SYRIA RUSSIA AIRSTRIKES, Tu-22M3.jpg
A handout still image taken from video footage made available 18 August 2016 on the official website of the Russian Defence Ministry shows a Russian Tu-22M3 long-range strategic bomber releasing its payload while carrying out airstrikes against the IS terrorist targets in the Deir ez-Zor province in Syria. Russian Defence Ministry reported, Russian Tu-22M3 long-range bombers and Su-34 tactical bombers based at airbases located in Russian Iran's territories carried out airstrikes over Syria.
Photograph: EPA/RUSSIAN DEFENCE MINISTRY PRESS SERVICE / HANDOUT

Fresh airstrikes were launched in northern Syria's Aleppo province Tuesday, hours after 18 trucks in a UN humanitarian aid convoy were hit in an attack in the area that could amount to a "war crime," according to the top UN official.
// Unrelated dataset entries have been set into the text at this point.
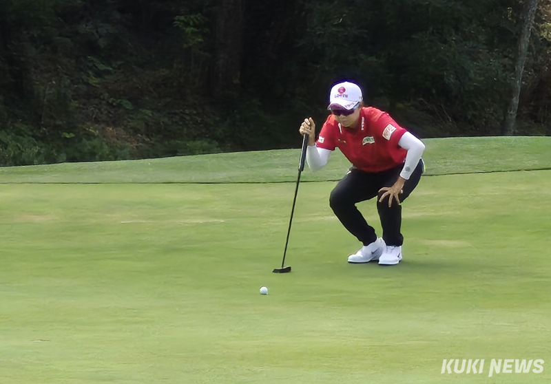 해남 파인비치 골프링크스에서 열린 ‘LPGA BMW 레이디스 챔피언십’ 첫날 경기에서 김효주 선수가 13번홀에서 퍼팅을 준비하고 있다. /신영삼 기자
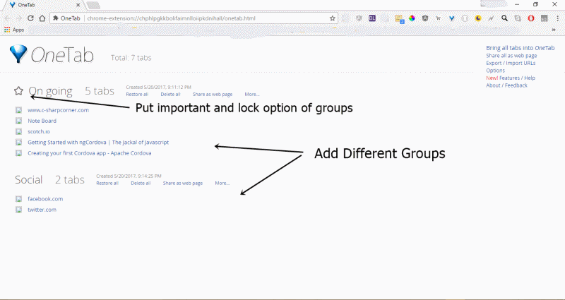 It’s not a debugging or auditing tool. It's just a single HTML page into which you can save your opened temporary tabs and then visit it any time. Whenever you find yourself with too many tabs, click the OneTab icon to convert all of your tabs into a list. When you need to access the tabs again, you can either restore them individually or all at once.
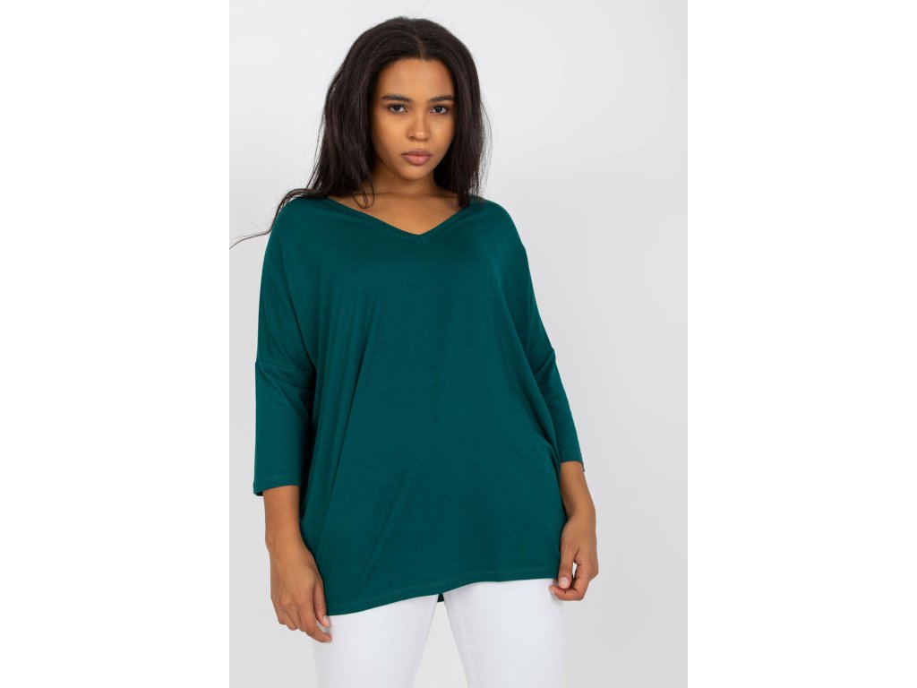 Halenka plus size s 3/4 rukávy a srdíčkovým výstřihem.
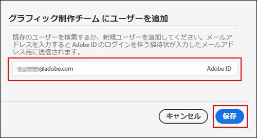 追加するユーザーのメールアドレスを入力し、「保存」ボタンをクリックします。
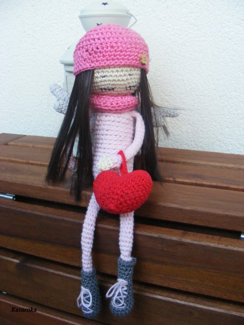 Háčkovaná andelka s umelými vláskami a srdiečkom, je veľká cca 25-30 cm. Farba vláskov sa može líšiť podľa dostupnosti. Farebná kombinácia bola vyrobená na želanie, je možné zmeniť a navrhnúť si vlastnú.

Fresh fighting also took place between ground forces in the northern province, according to the Britain-based Syrian Observatory for Human Rights.
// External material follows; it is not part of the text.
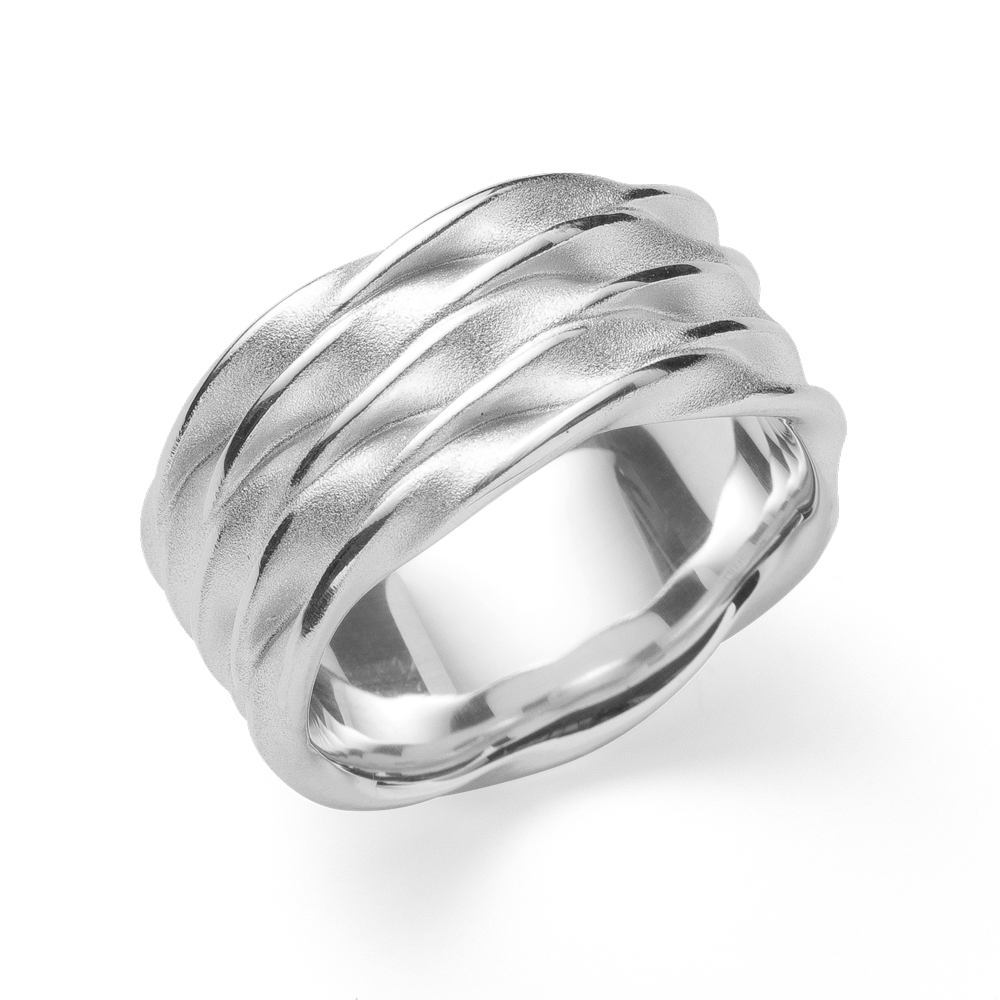 Silver Wave Collection’ – a magical ring made of 925 sterling silver, which is characterized by a unique and characteristic surface design. The wide ring band and the characteristic surface show the high-quality workmanship of this piece of designer jewelry, making it a real eye-catcher. Perfect in combination with the matching pendant and matching ear studs. The master goldsmith Thomas Mayer, who lives in Rottenburg am Neckar, used his years as a journeyman to gain know-how and experience in various workshops. He loves experimenting with different materials, surfaces and natural impressions in his workshop. With this experience he is able to design sophisticated pieces of jewelry with his own signature. “For me, nature is the measure of all things.” (Thomas Mayer) Aall bastian inverun jewelry pieces are delivered including appropriate jewelry packaging.Dimensions: Width of the ring band: 1 cm

The US said it was still unclear if it was a Russian or a Syrian plane that hit the 31-truck UN aid convoy late Monday, but officials placed the blame on Moscow, a key ally of Syrian President Bashar al-Assad.
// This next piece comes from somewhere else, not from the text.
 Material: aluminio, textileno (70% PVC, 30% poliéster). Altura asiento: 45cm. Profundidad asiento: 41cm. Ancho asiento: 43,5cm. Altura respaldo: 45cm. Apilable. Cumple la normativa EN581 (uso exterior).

The new wave of bloodshed comes after al-Assad's army declared the end of a week-long truce brokered by the US and Moscow. The government and the rebels traded blame over the collapse, accusing the other side of hundreds of breaches.

"If this callous attack is found to be a deliberate targeting of humanitarians, it would amount to a war crime," said Stephen O'Brien, the top UN humanitarian official, adding that the warring parties had been told about the aid convoy.

The Syrian Arab Red Crescent was also hit during Monday's strike, as was a warehouse run by the group. SARC volunteers were among the more than 35 killed in the first hours after violence resumed following the formal end of the truce.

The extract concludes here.